France has long been known as a leader in the culinary world, and our team of chefs in Paris are no exception. Today we share with you a gorgeous Bluefin tuna dish from Chef Thomas Hermann of Air Culinaire Worldwide Paris.
- 150 g (5 oz) Bluefin tuna
- 50 mL (3 tablespoons) Soy sauce
- 10 mL (2 teaspoons) Lime juice
- 5 g (1 teaspoon) Garlic, finely chopped
- 3 g (1/2 teaspoon) Ginger
- 10 mL (2 teaspoons) Olive oil
- 1 stick lemongrass
- 4 pieces White asparagus
- 3 Baby carrots
- 4 pieces Green asparagus
- 4 Radishes, round
- 2 Cherry tomatoes
- 20 g (4 teaspoons) Dill
- 1 piece Celery leaf
- 50 g (2 ounces)) Butter
- 75 g(2 ½ ounces) Sugar
- 30 g (1 ounce) Turnip, long
- 30 g (1 ounce) Carrot
- Salt and pepper, to taste
- Prepare the marinade by mixing soy sauce, lime juice, garlic, olive oil, lemongrass, ginger, salt and pepper.
- Marinate Bluefin tuna at least 2 hours.

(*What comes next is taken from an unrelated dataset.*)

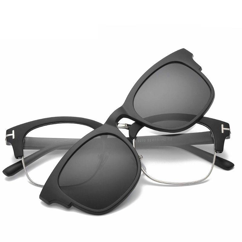 Clip-on frames are a universal solution for people who need to constantly change their glasses when moving from indoors to outdoors and back. The clip-on is a removable element with dark lenses that is easily attached to the main frame using magnets or special fasteners. This allows you to quickly convert regular glasses into sunglasses, providing comfort and protection in any conditions.

- Wash and peel the vegetables. Place the baby carrots in a saucepan with water to cover, add a knob of butter, salt and sugar. Cook over low heat in a chimney-shaped parchment paper. Reserve once cooked.
- Repeat for radishes and asparagus.
- Using a vegetable peeler on the cooked turnip, carrot and asparagus.
- Place the cherry tomatoes in the oven with a drizzle of olive oil for 5 minutes at 190 C.
- Grill the tuna. Using a brush, coat with soy sauce and place off-center on a plate.
- Arrange the vegetables on the side and garnish the dish with fresh herbs (dill or other).